Submitted to: Current Opinion in Genetics and Development
Publication Type: Review Article
Publication Acceptance Date: 11/4/2015
Publication Date: 12/2/2015
Publication URL: https://handle.nal.usda.gov/10113/62323
Citation: Hittinger, C.T., Rokas, A., Bai, F.-Y, Boekhout, T., Goncalves, P., Jeffries, T.W., Kominek, J., Lachance, M.-A, Libkind, D., Rosa, C.A., Sampaio, J.P., Kurtzman, C.P. 2015. Genomics and the making of yeast biodiversity. Current Opinion in Genetics and Development. 35:100-109.

Interpretive Summary:

Technical Abstract: Yeasts are unicellular fungi that do not form fruiting bodies. Although the yeast lifestyle has evolved multiple times, most known species belong to the subphylum Saccharomycotina (syn. Hemiascomycota, hereafter yeasts).
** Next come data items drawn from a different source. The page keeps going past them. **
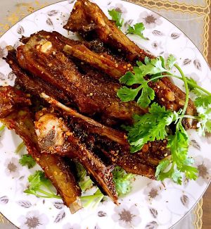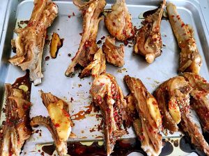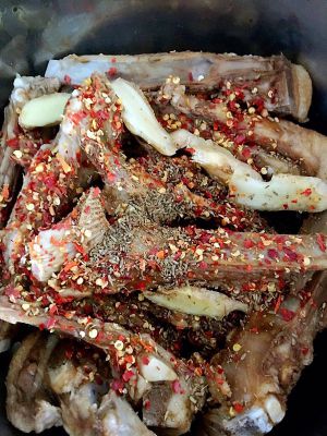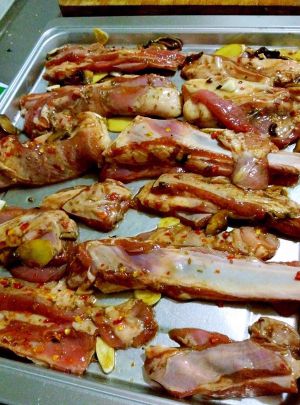 羊排洗净切条。(如果直接烤,可以放入葱姜蒜,花椒,孜然粉,辣椒粉适量,料酒少量,酱油提色,适量盐,最后放入植物油包住水分和味道,腌制时间随意,最好1小时以上。)
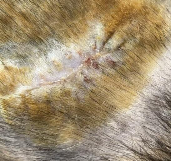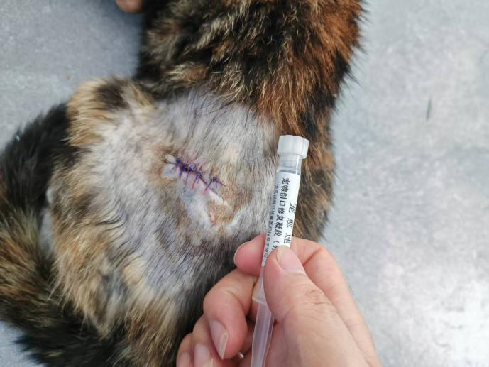 名字:小鼻嘎;品种:田园猫;年龄:1岁;性别:雌性;病史:无;就诊原因:腰侧皮肤不明原因外伤,主人不在意,一周后发现流脓恶臭,前往就医。
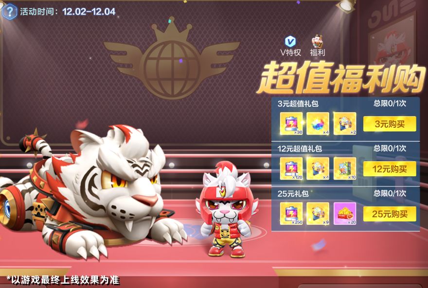 12月2日-12月4日,福利站将限时开启【超值福利购】活动,活动期间可直购超值礼包,支付成功后可立即获得不同档位电池、星愿结晶、炽金启动器、宝宝礼物盒等对应礼包奖励。直购金额自动计入V积分,并支持激活招财猫和进宝猫。
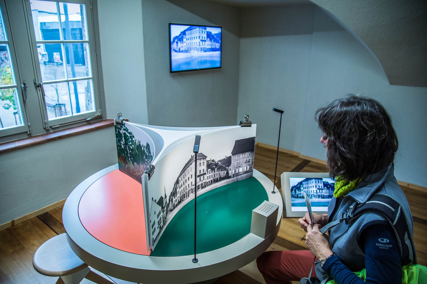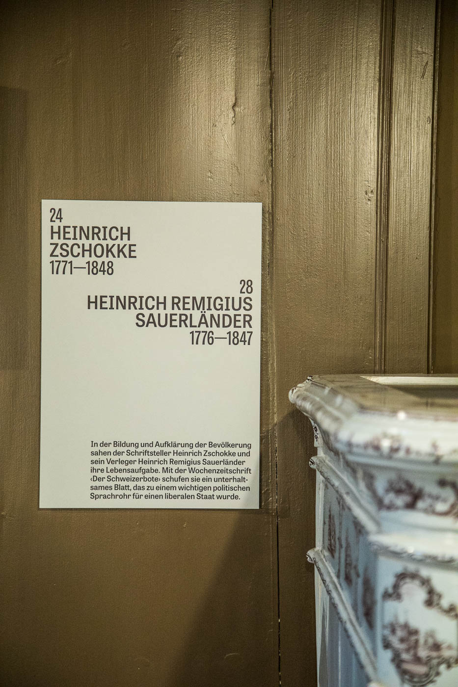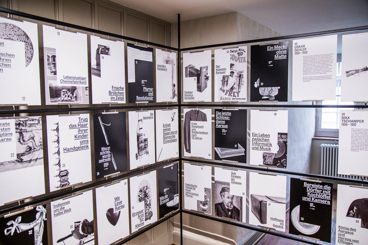 Im alten Gebäudeteil werden 100 Persönlichkeiten der Stadt Aarau vorgestellt, berühmte und unbekannte, aus sieben Jahrhunderten. Eng verbunden mit den Persönlichkeiten ist die Industriegeschichte von Aarau. Namen wie Sauerländer, Zschokke und Kern sind wohl der einen oder dem anderen noch ein Begriff. Wenig bekannt ist, dass Aarau einmal die Hauptstadt der Schweiz war, wenn auch nur provisorisch und nur für drei Monate. In diesem Umfeld taten sich natürlich auch einige Personen hervor. Bekannt waren auch die Präzisionsinstrumente der Firma Kern. Viele haben bestimmt noch einen Zirkel mit diesem ehemals klangvollen Namen.
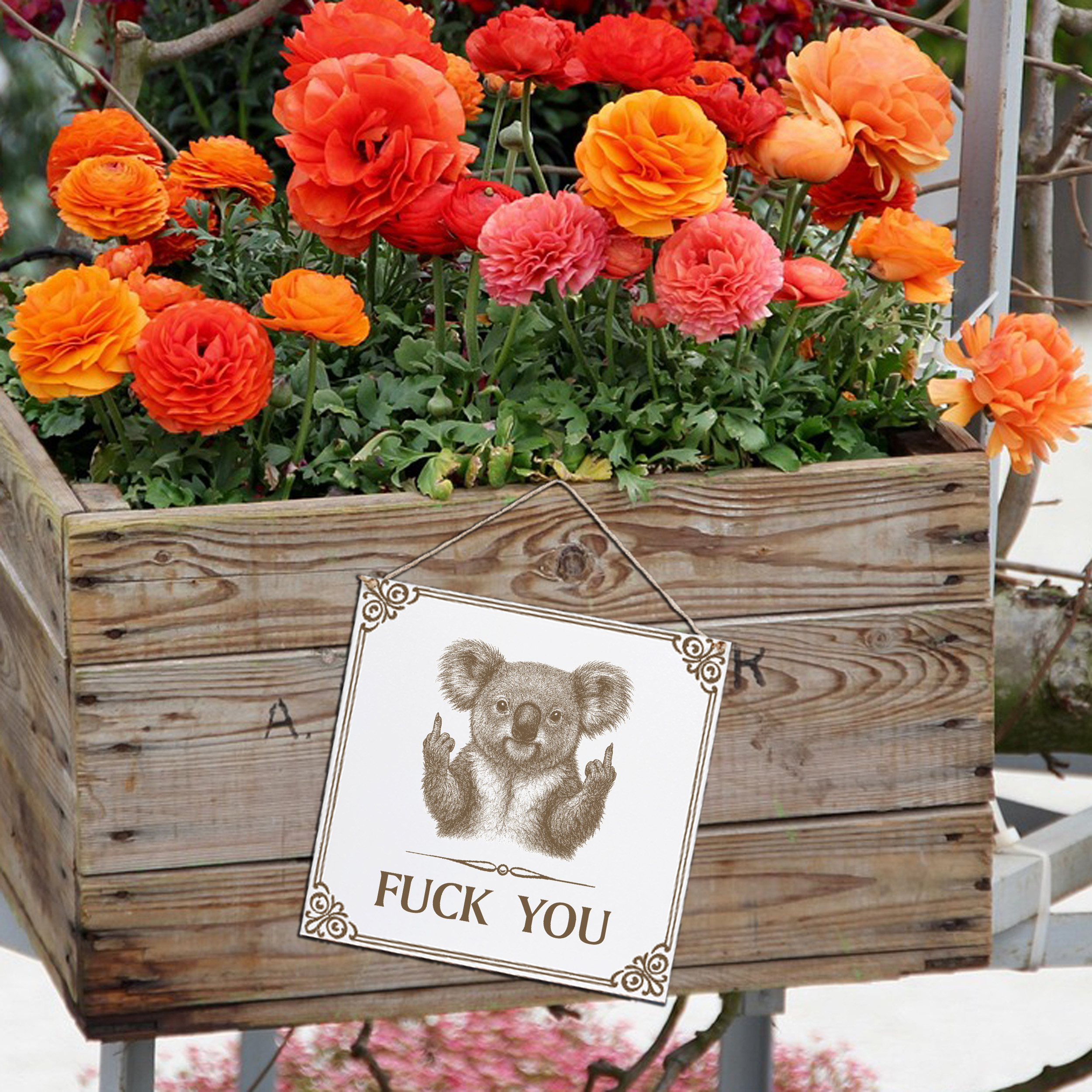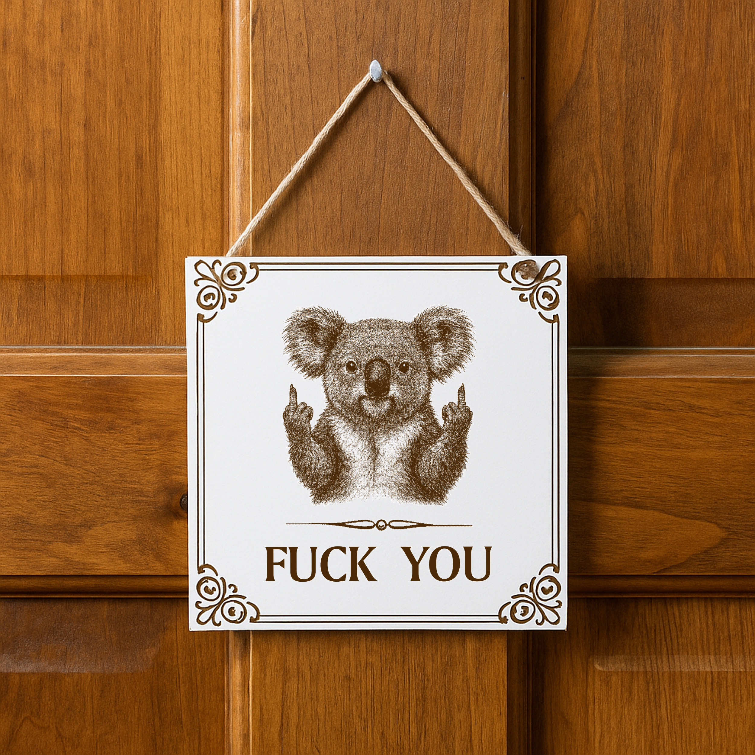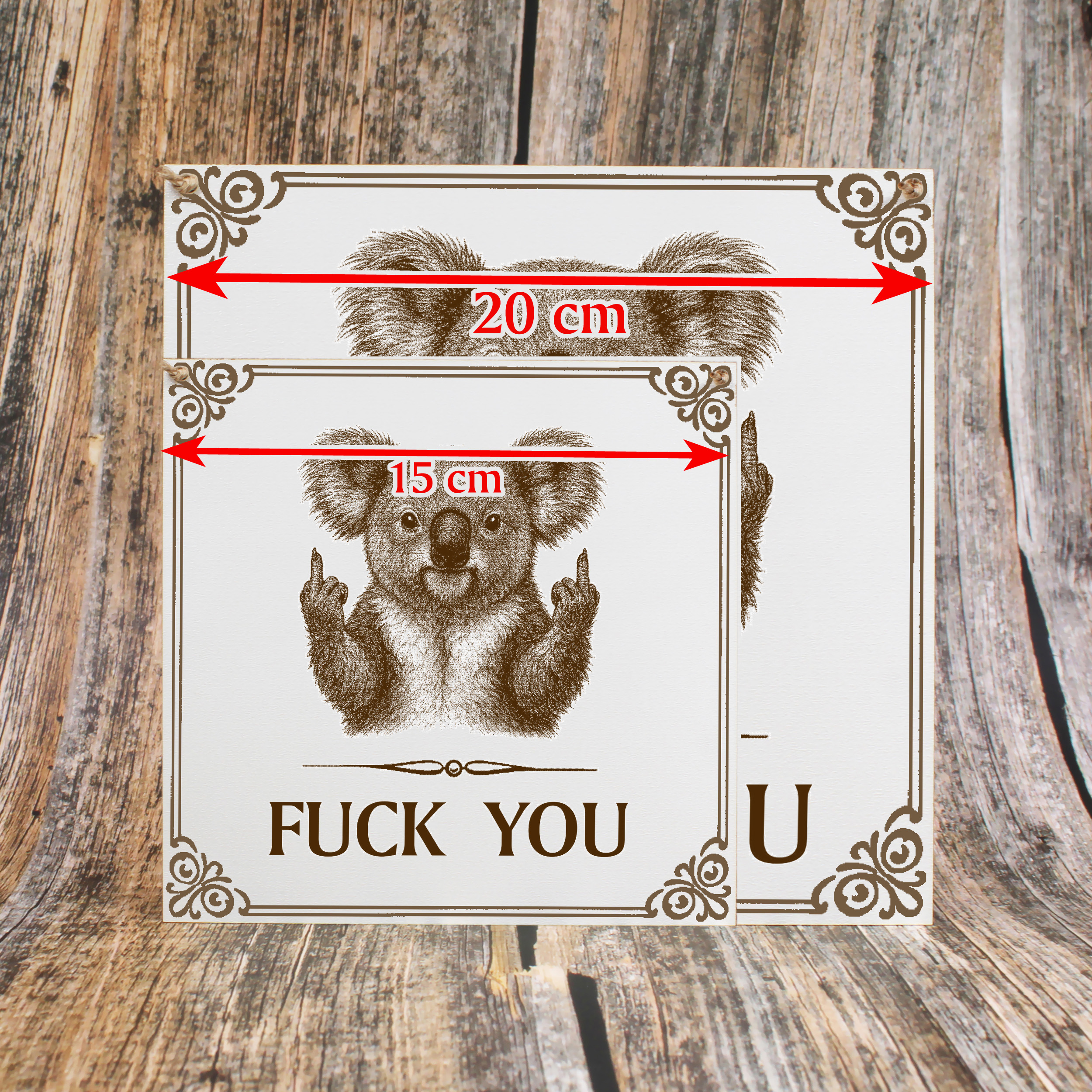 Koala Wandschild „Fuck You“ – Weißes HDF-Dekoschild 15×15 cm (auch 20×20 cm)
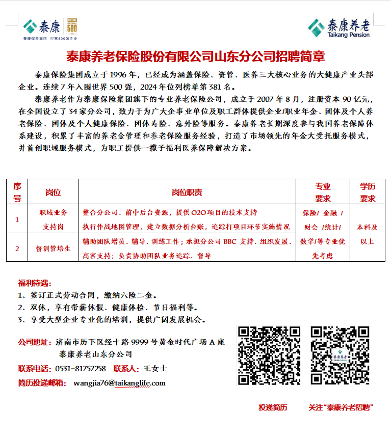 泰康养老保险股份有限公司山东分公司招聘简章
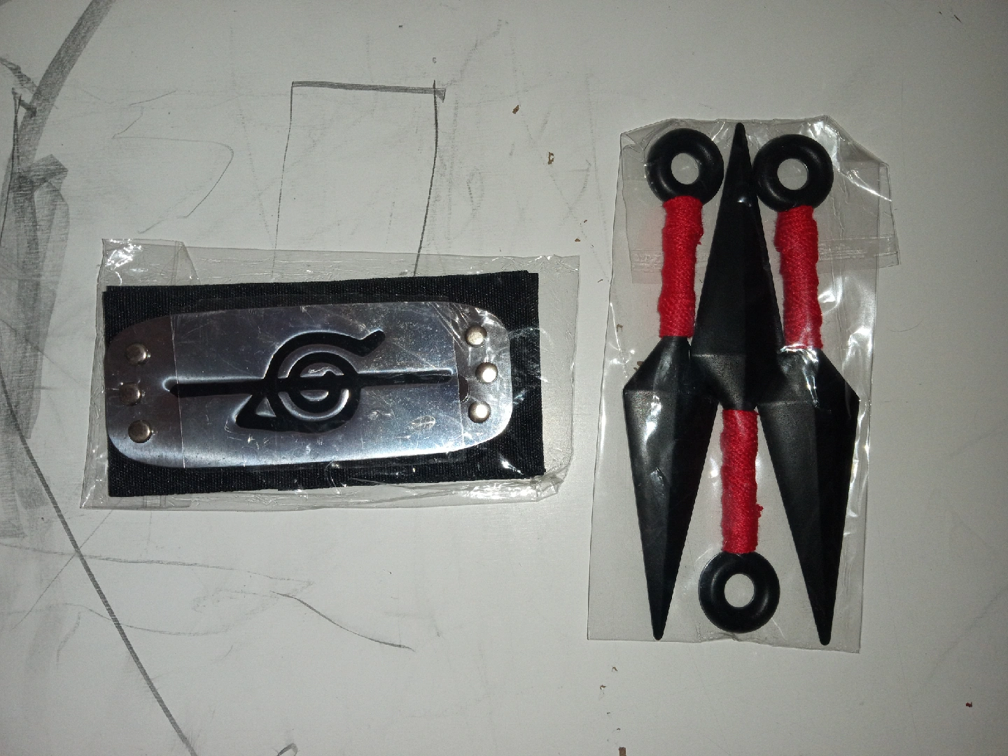 Selling an Akatsuki cloak set. The set includes the cloak, a kunai, a shuriken, a ring, and a necklace. The cloak is a size medium. Perfect for any Naruto fan! (Take advantage of the fact that Halloween is taking shape)
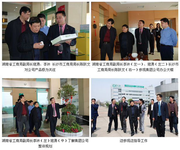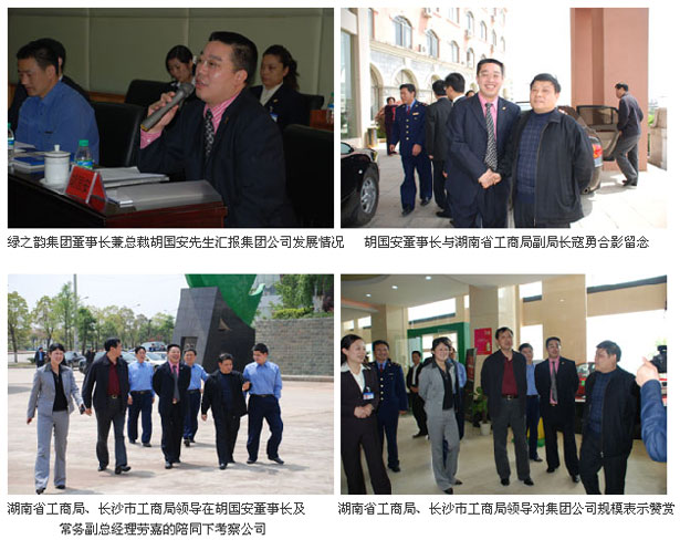 2007年4月11日,湖南省工商局副局長寇勇、李沐,長沙市工商局局長陳躍文等帶領(lǐng)省、市工商局市場處、外資處、商標廣告監(jiān)督管理處、注冊局等40余名領(lǐng)導(dǎo)深入湖南瀏陽生物醫(yī)藥園,對公司進行了調(diào)研考察。省、市工商局調(diào)研組一行首先在瀏陽生物醫(yī)藥園管委會政務(wù)廳聽取了瀏陽工商局、管委會領(lǐng)導(dǎo)以及綠之韻集團董事長兼總裁胡國安先生的工作匯報。
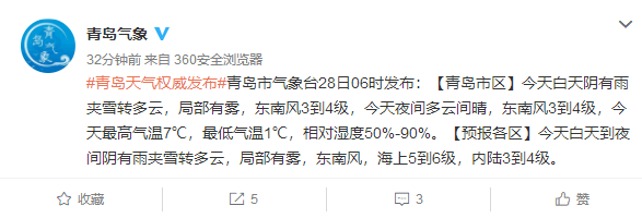 【青岛市区】今天白天阴有雨夹雪转多云,局部有雾,东南风3到4级,今天夜间多云间晴,东南风3到4级,,相对湿度50%-90%。
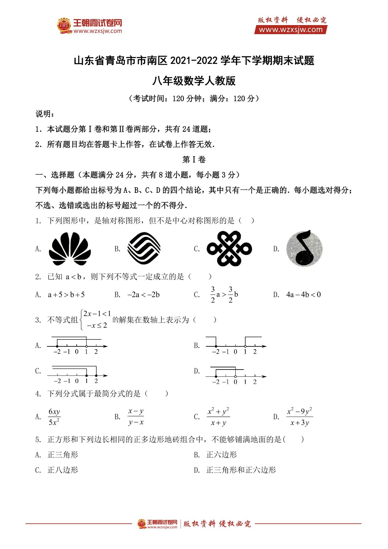 山东省青岛市市南区2021-2022学年下学期期末试题八年级数学(人教版)
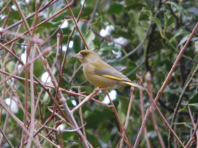 | I also saw this cross Greenfinch. Just look at that beak. |

This diverse group includes the premier eukaryotic model system, Saccharomyces cerevisiae; the human commensal and opportunistic pathogen, Candida albicans; and over 1,000 other known species (with more continuing to be discovered). Yeasts are found in every biome and continent and are more genetically diverse than angiosperms or chordates. Ease of culture, simple life cycles, and small genomes (~10-20 Mbp) have made yeasts exceptional models for molecular genetics, biotechnology, and evolutionary genomics. Here we discuss recent developments in understanding the genomic underpinnings of the making of yeast biodiversity, comparing and contrasting natural and human-associated evolutionary processes. Only a tiny fraction of yeast biodiversity and metabolic capabilities has been tapped by industry and science. Expanding the taxonomic breadth of deep genomic investigations will further illuminate how genome function evolves to encode their diverse metabolisms and ecologies.